Although my immediate problem was thus resolved, I may continue these investigations at some point. The current profile looks like this:
%Time ExclSec CumulS #Calls sec/call Csec/c Name 26.9 16.48 62.890 3198 0.0052 0.0197 blosxom::generate 19.0 11.66 11.660 3199 0.0036 0.0036 Storable::pretrieve 9.24 5.650 8.350 419544 0.0000 0.0000 blosxom::nice_date 5.69 3.480 3.480 3198 0.0011 0.0011 readinglist::cache_valid 4.48 2.740 2.740 168676 0.0000 0.0000 IO::File::open 4.41 2.700 2.700 419544 0.0000 0.0000 Time::localtime::ctime 3.70 2.260 14.320 3198 0.0007 0.0045 categories::prime_cache 3.43 2.100 4.330 71198 0.0000 0.0001 flavourdir::__ANON__(102) 3.07 1.880 1.880 1754 0.0011 0.0011 blosxom::__ANON__(11c) 1.23 0.750 0.820 4626 0.0002 0.0002 seemore::story 1.21 0.740 0.740 3198 0.0002 0.0002 potd::cache_valid 1.06 0.650 0.650 375042 0.0000 0.0000 UNIVERSAL::can 1.01 0.620 4.130 3198 0.0002 0.0013 readinglist::filter 0.64 0.390 8.190 5262 0.0001 0.0016 readinglist::display 0.47 0.290 0.000 3199 0.0001 0.0000 Storable::_retrieve
Clearly, there’s some low hanging fruit here.

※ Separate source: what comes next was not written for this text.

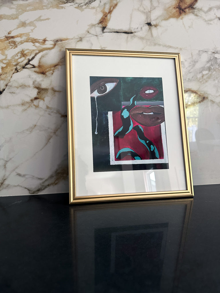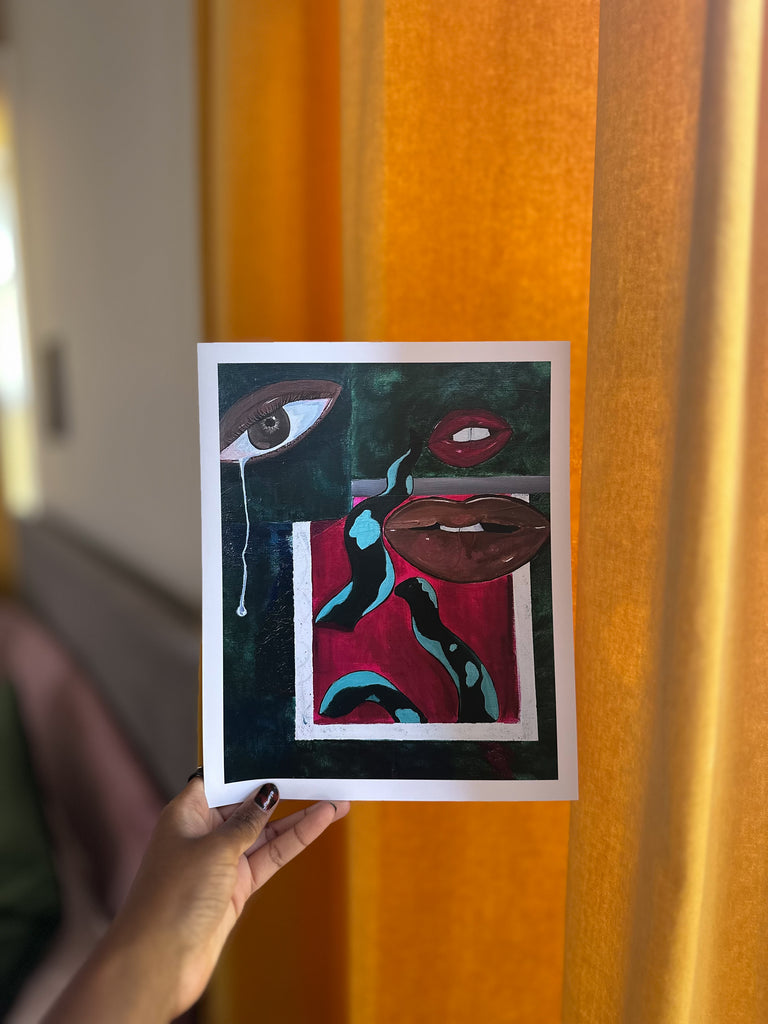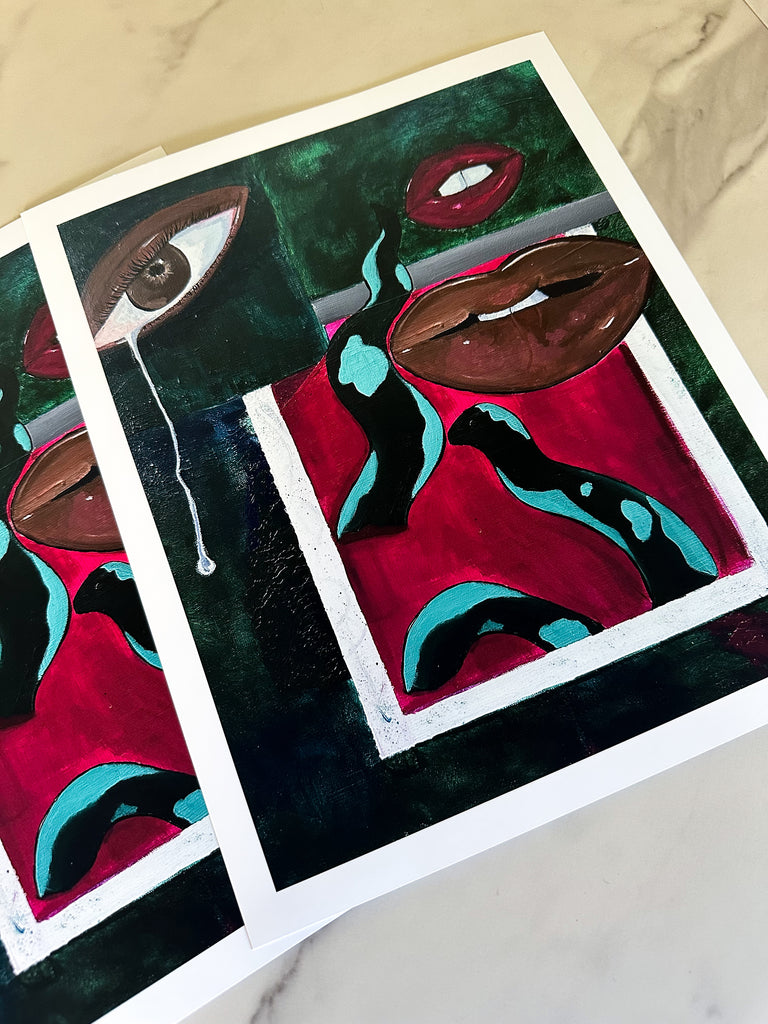 This unframed 8x10 art print is a reproduction of the Soft Reclamations Acrylic on Canvas original artwork. Soft Reclamations follows the new beginnings of the artist. The tearful eye signifies happiness about entering a new era of life. The lips express the artist's need to be vulnerable and outspoken - no longer mincing words. The snake weaves the rest of the story together, reflecting the themes of starting over and transformation.

We’re spending 15% of our time formatting dates. Recall that I only have 361 posts, so for some reason we’re doing this about a thousand times more than we need to. The calls to Storable also seem excessive. I think the categories plugin is to blame for that; although the same issue with 2.0.2 and filter subroutines may apply here. I’m also a little uncertain why readinglist::cache_valid is taking so much longer than potd::cache_valid when the code is basically identical. But, these are all questions for another day.